Zapowiada, że na przełomie kwietnia i maja zostanie przedstawiony raport na ten temat. Będą w nim zawarte rekomendacje, jak ten kapitał ma się rozwijać, "byśmy za 10 lat nie odstawali radykalnie od współczesnego świata".
Boni wyjaśnia, że w rozwoju kapitału intelektualnego Polski ma pomóc m.in. matura z matematyki, nauczanie od IV klasy szkoły podstawowej nie tylko czytania, ale i rozumienia tekstu, a od drugiej klasy liceum tzw. ścisła specjalizacja.
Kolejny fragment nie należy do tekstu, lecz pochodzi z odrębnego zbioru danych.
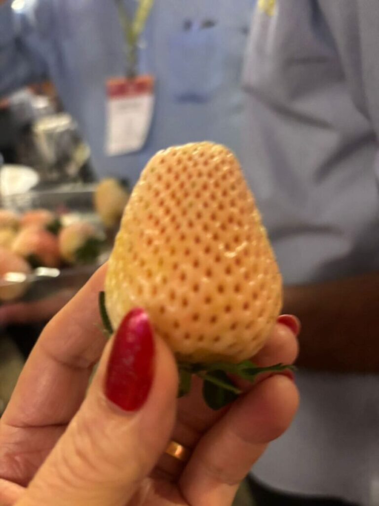 Depois do sucesso do já conhecido morango do amor, tivemos a alegria de conhecer o Morango Branco – batizado pela professora Rosilene Campolina como Morango da Paz. Um fruto doce, suculento e delicado, que conquistou meu paladar de imediato.

Szef doradców premiera mówi także, że wyzwaniem dla Polski jest demografia. "Z biegiem czasu grupa osób starszych będzie rosła. Zarazem przy niskim poziomie dzietności, wynoszącym 1,2 dziecka na kobietę (jednym z najniższych w Europie) ubywać będzie osób w wieku produkcyjnym. To zakłóci nie tylko równowagę systemu emerytalnego, ale i równowagę na rynku pracy w ogóle. Dlatego wskaźnik dzietności musi wzrosnąć" - wyjaśnia Boni.
Dodaje, że można to zrobić m.in. przez ulgi podatkowe na dzieci, możliwość łączenia pracy zawodowej z rodzicielstwem, zwiększenie dostępu do przedszkoli. Według Boniego, w 2015 r. powinniśmy dojść do poziomu dzietności powyżej 1,4.
Szef doradców premiera podkreśla także konieczność przekonywania pracodawców, że warto zatrudniać osoby powyżej 50. roku życia. "Musimy sprawić, by wychodzenie z rynku pracy następowało przynajmniej po dojściu do wieku emerytalnego. Teraz ludzie przestają pracować przeciętnie w wieku 57-58 lat" - mówi Boni.
Boni odpowiada także na pytanie dotyczące wyrównania wieku emerytalnego kobiet i mężczyzn. "Ja bym myślał o horyzoncie 10-15 lat. Zrównanie wieku emerytalnego objęłoby więc dzisiejszych 40- latków" - wyjaśnia.